Edited on Fri Apr-27-07 12:14 PM by subliminable



http://www.progressivedailybeacon.com/more.php?id=1508&ARCHIVAL=TRUE

The problem is that they can surround Mister Bush with the entire U.S. military and wrap him in the flag of every branch of service and it won't matter. He'll still be the Vietnam War draft-dodging chump that played dress up on an aircraft carrier, so that he could declare "mission accomplished" in a war that's only now, more than four years on, getting started. George W. Bush doesn't look like a tough guy when he calls press conferences and utters silly threats and gibberish...it makes him look like Yosemite Sam AFTER Bugs Bunny has him so flabbergasted that he's on the verge of blowing off his own face with his own pistol.

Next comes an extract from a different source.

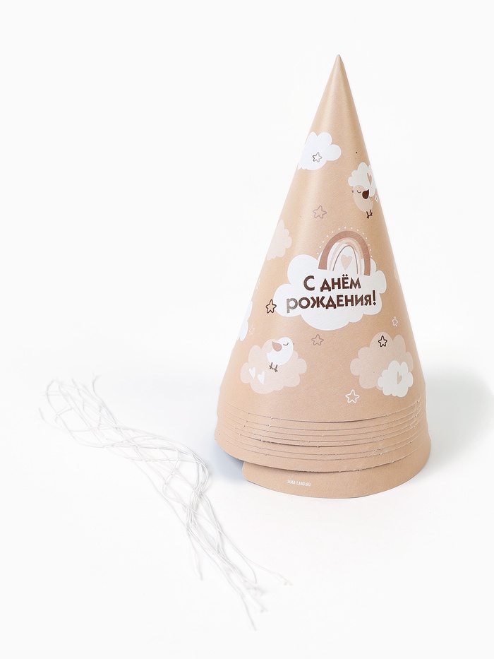 Колпак праздничный бумажный «С Днём рождения», бежевый (комплект 10 шт)

Not only do the staged macho moments make Mister Bush look like Yosemite Sam, but he comes across as a petty, rage-filled brat in the midst of an uncontrolled temper tantrum. Still, nothing makes George W. Bush appear more pathetic than in those moments that he accuses the Democrats of playing politics with the "troops" and then he turns right round and makes those same "troops" his hostages by threatening to keep them away from their families until the Democrats give into his demands.

It is time, perhaps, Mister Bush and his handlers realized that he is in no position to be picking fights or to be playing the macho part. What's more, if he keeps threatening to hold the "troops" hostage...George W. Bush is going to find himself in a whole lot of political trouble. And in that fight, his child-like Yosemite Sam routine won't impress anybody.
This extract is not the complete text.